Would it bother me? not one bit. I am a citizen, legal, never hyphenated, pay my taxes and don't do recreational drugs.
Admittedly boring, but I always sleep well at night.
Well, it's not like they have anything better to do.
Yes, they are hard workers in general, however, I must disagree with you about the talented part. From what I have seen and heard about here in my locale they can throw up a house in short order, but their skill level leaves much to be desired. Case in point: A new subdivision of 26 houses was thrown up in about two months last summer in a neighboring county by a contractor who used Mexican labor exclusively. The first 4 of the houses that were sold were found to have major structual damage in multiples. The county building inspectors wound up condemning all the houses. The developers eventually had them all torn down and are having to start all over again. That's what their strictly bottom line mentality got them. I don't feel sorry for them at all.
Not to mention that the mineral-rich Rocky Mountains continue south of the border.Lots of good jobs could be made in Mexico if they'd allow their resources to be developed and allow for their underclass to participate and reap some of the rewards.
I've heard lately that a lot of the maquiladoras are packing up for China, partly as a result of China's entry into the WTO. Not only is that bad for Mexico's economy, it creates a whole new class of folks who aren't likely to return to the farm now that they've gotten a taste of a somewhat modern economy.
Guess where they're headed?
Any national politician who would seriously act to halt to illegal immigration would almost certainly fail to do so and ruin his career in the process.
I doubt the people have the stomach for what it would take to stop illegal immigration in any case.
In fact, I'm sure the majority do not.
That's not a result of overpopulation; a falling birth rate of that kind results from industrial prosperity.
Mexico should look at how the Japanese were able to get a middle class lifestyle and with a much smaller land mass with much fewer natural resources. Japan didn't do it by trying to become completely dependent on the US either, I think they had to change their culture and were willing to do that.
Here of course. Their government is encouraging them to believe that they should be completely dependent on the US, I never thought the maquilas were a good idea in the first place and I never thought those $25-30 a week jobs were going to do much for that country. They can't head back to their little farms because they've lost them. Also the government diverted irrigation waters to the fast growing cities like Juarez and maquilas so there could be more people there than the desert can support.

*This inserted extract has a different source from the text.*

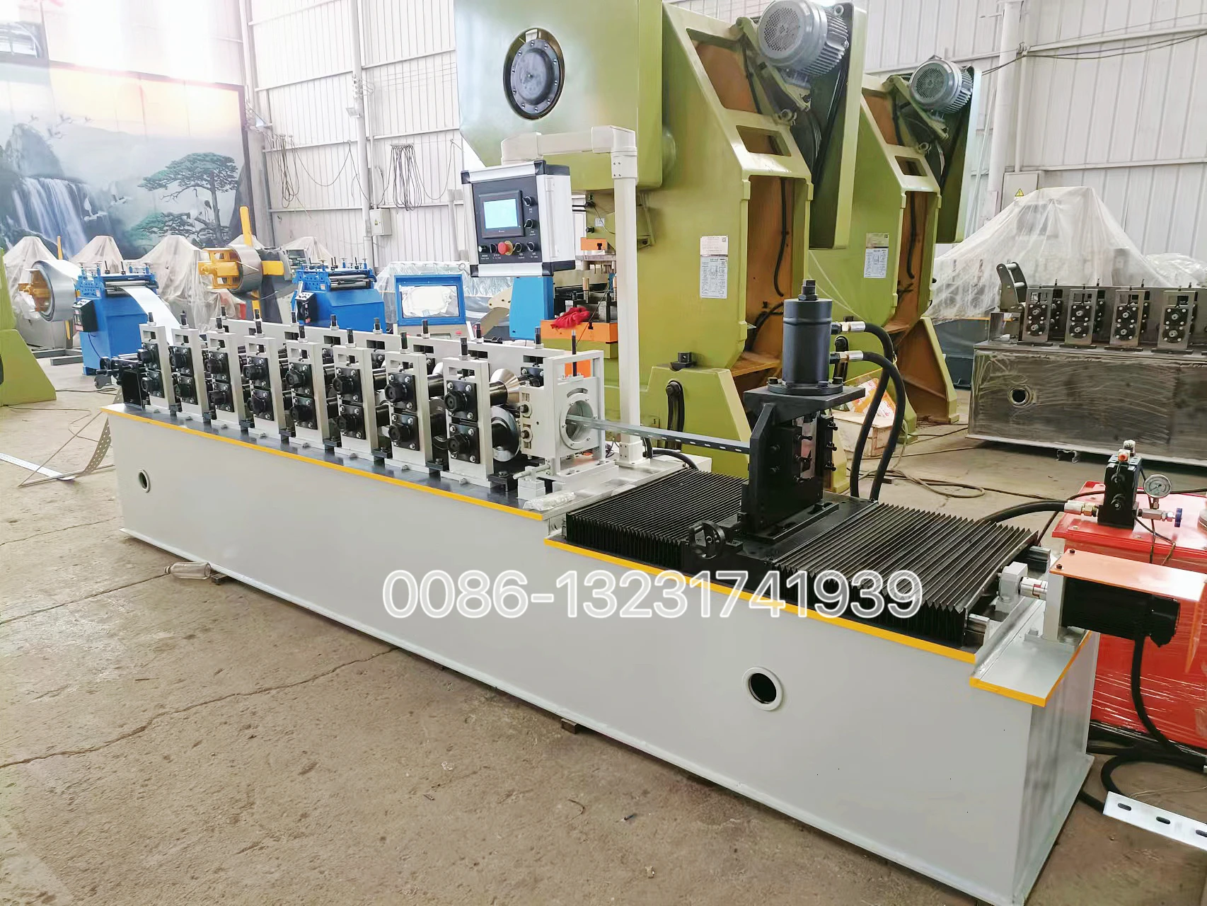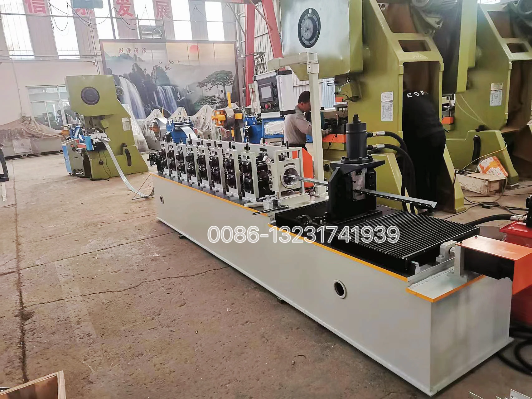 1.The price is decided to your profile width sizes ,height sizes and thickness. maximum 2 mm thick decided all machine parts should use bigger type. 2.Firstly, the production line includes : 2.1:one passive Decoiler (pay attention,free to send you) 2.2: Roll Forming Machine(pay attention, this is the host roll forming machine ) 2.3: one run-out tables (pay attention,free to send you ) 3.Machine base frame material: Whole steel plate welded about the surface which will be made by CNC machine and surface will have good flatness and looks bright and beautiful.(pay attention: the machine base frame was not welded by square tubes) 4.Machine forming Station: 8 stations according to your profiles. (pay attention: this is the best suitable forming stations, neither more nor less about the forming stations) 5.Rollers material : Cr12 material with turning+quenching(hardness 58-62 degrees)+grinding+fine turning treatment which has good quality and this type of processing can guarantee the rollers' hardness meet international standard HRC 58-62 degrees and has good were resistance.(pay attention: the roller material neither made of 45# steels nor bearing steels) 6.Machine stands: Wrought iron welding, 35 mm thick which can have good stable , high procession and will not be deformed when machine running.(pay attention: the thickness was 35 mm, not 30 mm or 20 mm ) 7.Shaft diameter: 50 mm diameter solid shafts (pay attention: the shafts are solid and the shaft diameter is 50 mm, not 38 mm or 40 mm) 8.power: main motor power: 7.5 kw hydraulic cutting motor power: 7.5 kw none-stop servo tracking motor power:1.5 kw (pay attention: We can guarantee your machine has enough power to make the machine running stable . ) 9.Transmission way : Gears which has the best stable performance. (pay attention: the machine is not chain transmission 10.Machine uncoiler type :free to send you . 11.Machine run out table : free to send you . 12.Voltage: CUSTOMIZED .(pay attention : If your voltage is not 380 V , all other voltages we called customized voltagewhich means the all motors of the machine need to be customized according to your voltage.So that this part will add some motor customized costs) 13.Machine Speed: the maximum machine speed included that punching can reach 17m/min.

Instead of Mexicanizing the US, we should be Americanizing Mexico, let Americans go there and build up resorts and restaurants ----I'd rather be a waiter making tips off American tourists than a maquila worker anyday. It's amazing to compare the California and Florida coasts with the Mexican coasts ---amazing how it just all stops at the border and they have even better weather.
There is much about what might be the hidden justifications for immigration of all kinds, that can be found in old texts and in the kind of advice that is passed down through generations of businessmen and statesmen by word of mouth.
Here's one: In the 1700's, at the dawn of the industrial revolution, one of the wealthier class observed that while it is merciful that the people not starve, still it would be unwise for them to become to prosperous, for then they will not work hard.
And so we are flooded with immigrants, legal and illegal, lest salaries skyrocket because the people are too prosperous to want jobs or to work overtime.
Another was said by Voltaire, who painted a picture of Christians of all sects doing buisness with Moslems and Jews--all working harmoniously together because no one group formed a huge majority--in other words, he was touting the practical advantages to industry and government of "diversity".
You obviously don't understand Americans.
Alright, you made me look some stuff up in relation to what you and I have been saying:
Here are two pertinent quotes:
An employer wrote in 1739 that the only way to make workers sober and hard-working, was to lay [workers] under the necessity of laboring all the time they can spare from rest and sleep in order to procure the common necessaries of life.
Another, in 1714, wrote, The poor have nothing to stir them up to be serviceable but their wants, which it is prudence to relieve, but folly to cure.
I suspect the flooding of the country with immigrants of all kinds, is designed to increase the supply of labor and thereby lower salaries and thereby keep the people hungry enough to work hard and put up with stuff.
Didn't slow them down in China, India, or slow down the poor in our own crowded ghettos.
It's not overpopulation, it's the kind of prosperity that comes from highly industrialized societies, like Japan, most of Europe, and the U.S.A.
That's the government putting the squeeze on the middle class. Here there is a state law that puts a cap on property tax ---so to get around that they just keep raising the value of property in reappraisals to kill the middle class.
Also to maintain a large welfare class I think. At the same time we're being taxed to death to provide for a very expensive public educational system, we're bringing in millions of people who have no education at all. It doesn't make sense ---why not just quit educating Americans if we really need that many low-skilled workers and save the taxpayers some money.